Among the lines below, keep only those from the one containing "KIRSTJEN NIELSEN y" through the one containing "humanos pág. 10", and reproduce them exactly.

DATA IN THIS EXERCISE:

>>>

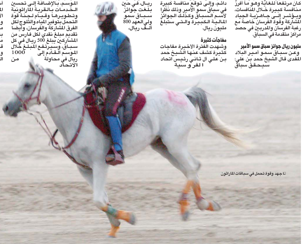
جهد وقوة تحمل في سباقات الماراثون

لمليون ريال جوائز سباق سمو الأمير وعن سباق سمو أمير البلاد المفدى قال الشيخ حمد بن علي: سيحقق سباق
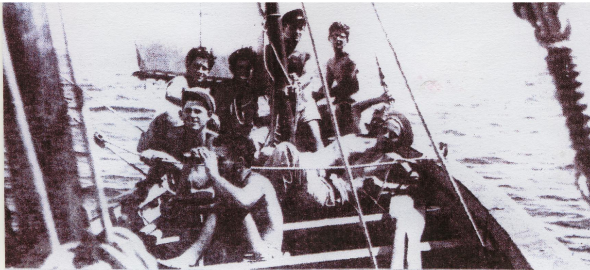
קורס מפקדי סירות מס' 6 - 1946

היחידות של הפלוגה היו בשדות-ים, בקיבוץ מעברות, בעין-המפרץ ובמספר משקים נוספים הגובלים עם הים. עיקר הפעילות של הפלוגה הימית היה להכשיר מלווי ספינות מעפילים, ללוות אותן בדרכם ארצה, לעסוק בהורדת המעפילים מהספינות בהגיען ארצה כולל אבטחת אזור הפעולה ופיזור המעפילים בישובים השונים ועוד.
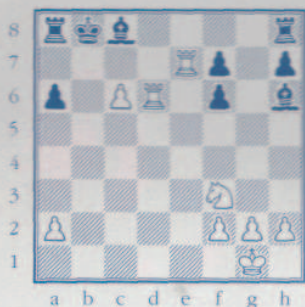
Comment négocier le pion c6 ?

<<<
>>>

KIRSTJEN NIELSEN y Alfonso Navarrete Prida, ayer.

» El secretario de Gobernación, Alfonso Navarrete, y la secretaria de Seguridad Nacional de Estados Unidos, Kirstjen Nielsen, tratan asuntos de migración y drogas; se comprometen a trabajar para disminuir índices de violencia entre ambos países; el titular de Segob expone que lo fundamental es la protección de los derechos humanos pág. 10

<<<

TASK ANSWER:
KIRSTJEN NIELSEN y Alfonso Navarrete Prida, ayer.

» El secretario de Gobernación, Alfonso Navarrete, y la secretaria de Seguridad Nacional de Estados Unidos, Kirstjen Nielsen, tratan asuntos de migración y drogas; se comprometen a trabajar para disminuir índices de violencia entre ambos países; el titular de Segob expone que lo fundamental es la protección de los derechos humanos pág. 10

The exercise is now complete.